── Records provided

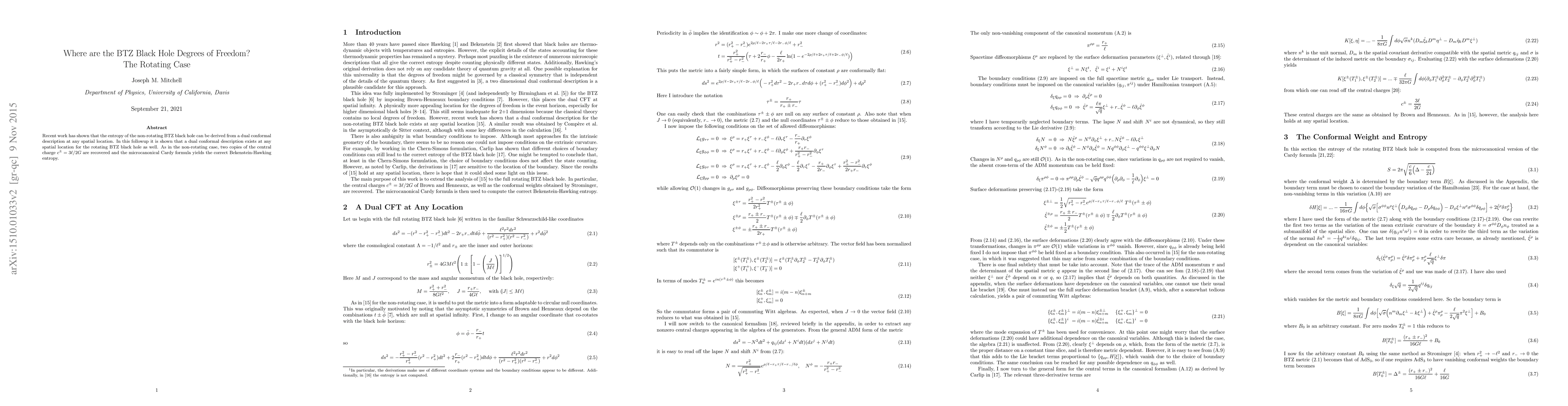 Recent work has shown that the entropy of the non-rotating BTZ black hole can be derived from a dual conformal description at any spatial location. In this followup it is shown that a dual conformal description exists at any spatial location for the rotating BTZ black hole as well. As in the non-rotating case, two copies of the central charge $c^{\pm} = 3\ell/2G$ are recovered and the microcanonical Cardy formula yields the correct Bekenstein-Hawking entropy.
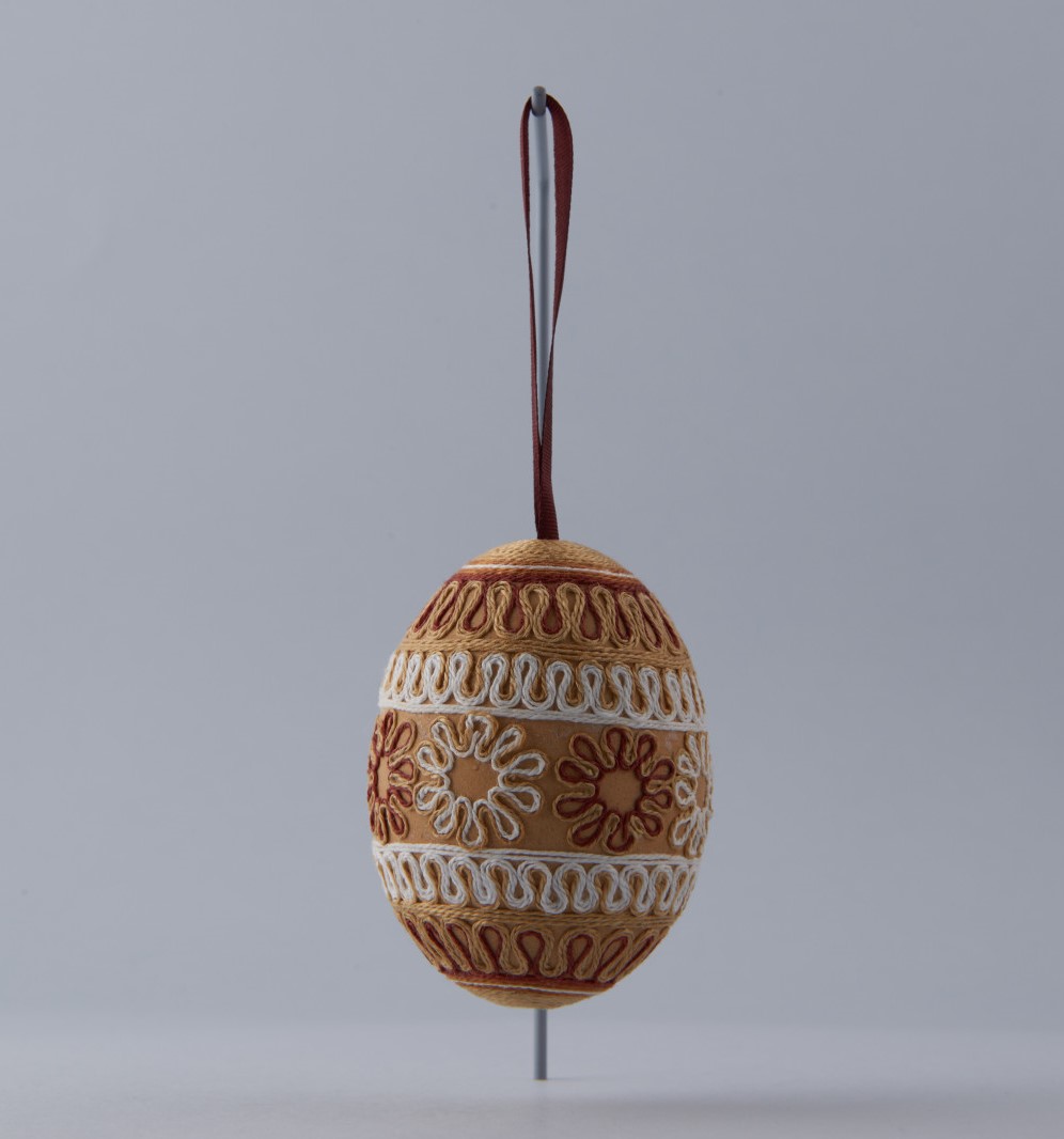 Vajíčko oblepené bielymi, béžovými a hnedými bavlnkami, motívy sú v pásoch – kvety a vlnovky. V hornej časti hnedá stužka na zavesenie. Vajičko je slepačie, vyfúknuté.
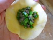 擀好的饺子皮包入馅料。
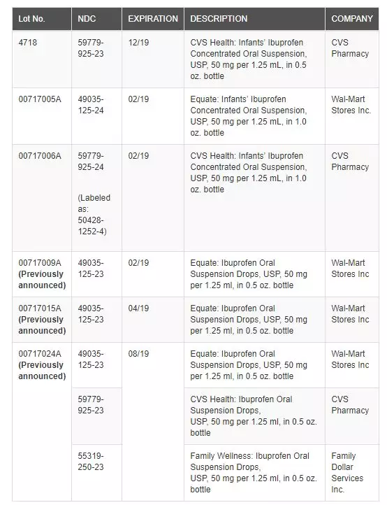 該公司在一份聲明中說(shuō),召回是基于健康危害評(píng)估。濃度較高的布洛芬“可能出現(xiàn)的不良反應(yīng)是惡心,嘔吐,上腹部疼痛,或更罕見(jiàn)的腹瀉。甚至耳鳴,或耳鳴,頭痛和胃腸道出血?!?/p>
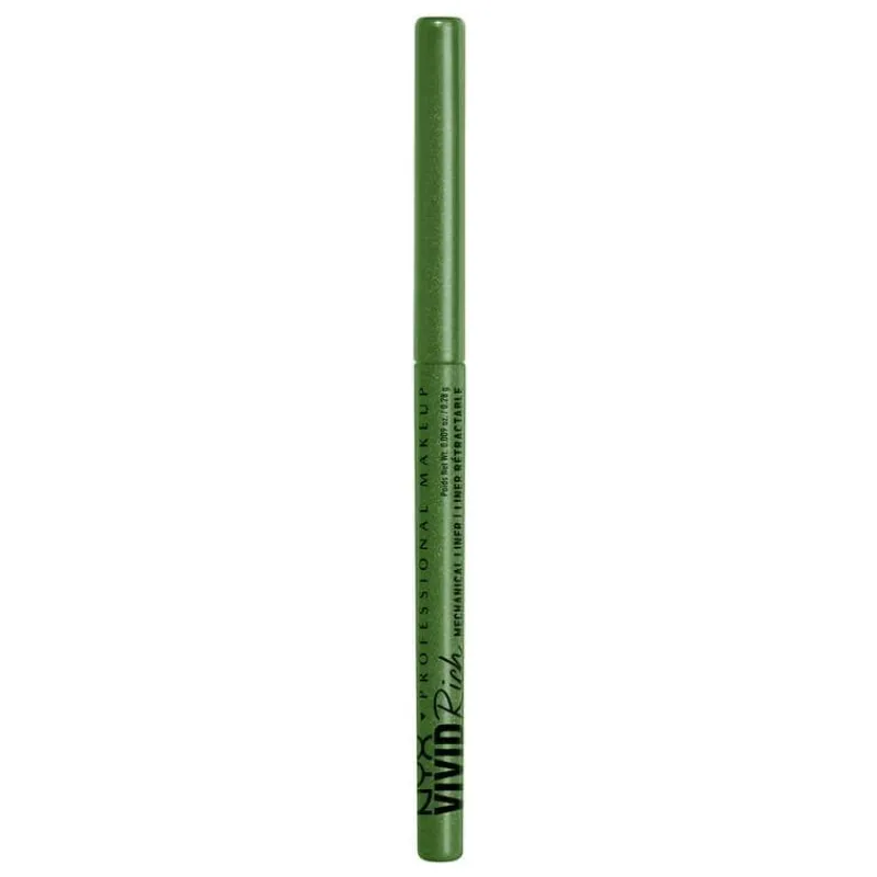 Nyx Professional Makeup Vivid Rich Mechanical Pencil biedt prachtige matte, glinsterende en metallic op edelstenen geinspireerde kleuren. De 12 tinten zijn rijk aan roomzachte, edelsteenkleurige pigmenten en zijn dankzij het twist-up potlood gemakkelijk aan te brengen in één beweging. Mix en match verschillende stralende tinten of kies voor een monochrome uitstraling. Van Spicy Pearl & Amber Stunner tot Aquamarine Dream: met deze levendige eyeliner creëer je de kleurrijkste looks. Toon je van je creatiefste kant en gebruik onze mooie levendige liners om indrukwekkende looks te creëren. Ideaal voor zowel beginners als echte pro’s en voor alle huidtypes! Mat, glanzend en metallic oogpotlood Stap 1. Breng Nyx Professional Makeup Vivid Rich Mechanical Pencil aan langs je bovenste wimperlijn om een gemakkelijke oogmake-uplook te creëren.Stap 2. Gebruik de fijne borstelpunt van de Vivid Matte vloeibare liner om in een handomdraai een perfecte wing of grafische lijnen aan te brengen.Stap 3. Creëer met de Epic Wear Liner stick kleurrijke looks voor een waterproof, smugde-proof en fade-proof resultaat.Stap 4. Teken moeiteloos vloeibare zwarte lijntjes of een vlijmscherpe wing met de Epic Ink Liquid liner. Nyx Professional Makeup Vivid Rich Mechanical Pencil biedt prachtige matte, glinsterende en metallic op edelstenen geinspireerde kleuren. De 12 tinten zijn rijk aan roomzachte, edelsteenkleurige pigmenten en zijn dankzij het twist-up potlood moeiteloos aan te brengen in één beweging. Mix en match verschillende stralende tinten of kies voor een monochrome uitstraling. Van Spicy Pearl & Amber Stunner tot Aquamarine Dream: met deze levendige eyeliner creëer je de kleurrijkste looks. Toon je van je creatiefste kant en gebruik onze mooie levendige liners om indrukwekkende looks te creëren. Ideaal voor zowel beginners als echte pro’s en voor alle huidtypes!Linerlooks worden gemakkelijk met NYX Vivid Rich. Kies je kleur en breng de kleurrijke eyeliner aan langs je bovenste wimperlijn om een gemakkelijke oogmake-uplook te creëren. Of experimenteer met vloeiende lijnen en wings.De NYX Vivid Rich Eyeliner is verkrijgbaar in de kleuren Always Onyx, Sapphire Bling, Truffle Diamond, Amber Stunner, Aquamarine Dream, Emerald Empire, Tigers Prize, Quartz Queen, Spicy Pearl, Smokin Topaz, Under the Moonstone en It’s Giving Jade. Creëer dus makkelijk elke look die je maar kunt bedenken!NYX Professional staat bekend om haar kwalitatieve, pigmentrijke make-upproducten en weerspiegelt de nieuwste make-up trends. In het portfolio van NYX vind je alles, van lippenstiften en oogschaduw tot eyeliners en concealers. Zowel populair bij het grote publiek, als bij professionele visagisten over de hele wereld!

────

To do>
The answer is the lines above, word for word, from the first one through the one containing "該公司在一份聲明中說(shu"; it includes no pictures.

Expected answer>
 Recent work has shown that the entropy of the non-rotating BTZ black hole can be derived from a dual conformal description at any spatial location. In this followup it is shown that a dual conformal description exists at any spatial location for the rotating BTZ black hole as well. As in the non-rotating case, two copies of the central charge $c^{\pm} = 3\ell/2G$ are recovered and the microcanonical Cardy formula yields the correct Bekenstein-Hawking entropy.
 Vajíčko oblepené bielymi, béžovými a hnedými bavlnkami, motívy sú v pásoch – kvety a vlnovky. V hornej časti hnedá stužka na zavesenie. Vajičko je slepačie, vyfúknuté.
 擀好的饺子皮包入馅料。
 該公司在一份聲明中說(shuō),召回是基于健康危害評(píng)估。濃度較高的布洛芬“可能出現(xiàn)的不良反應(yīng)是惡心,嘔吐,上腹部疼痛,或更罕見(jiàn)的腹瀉。甚至耳鳴,或耳鳴,頭痛和胃腸道出血?!?/p>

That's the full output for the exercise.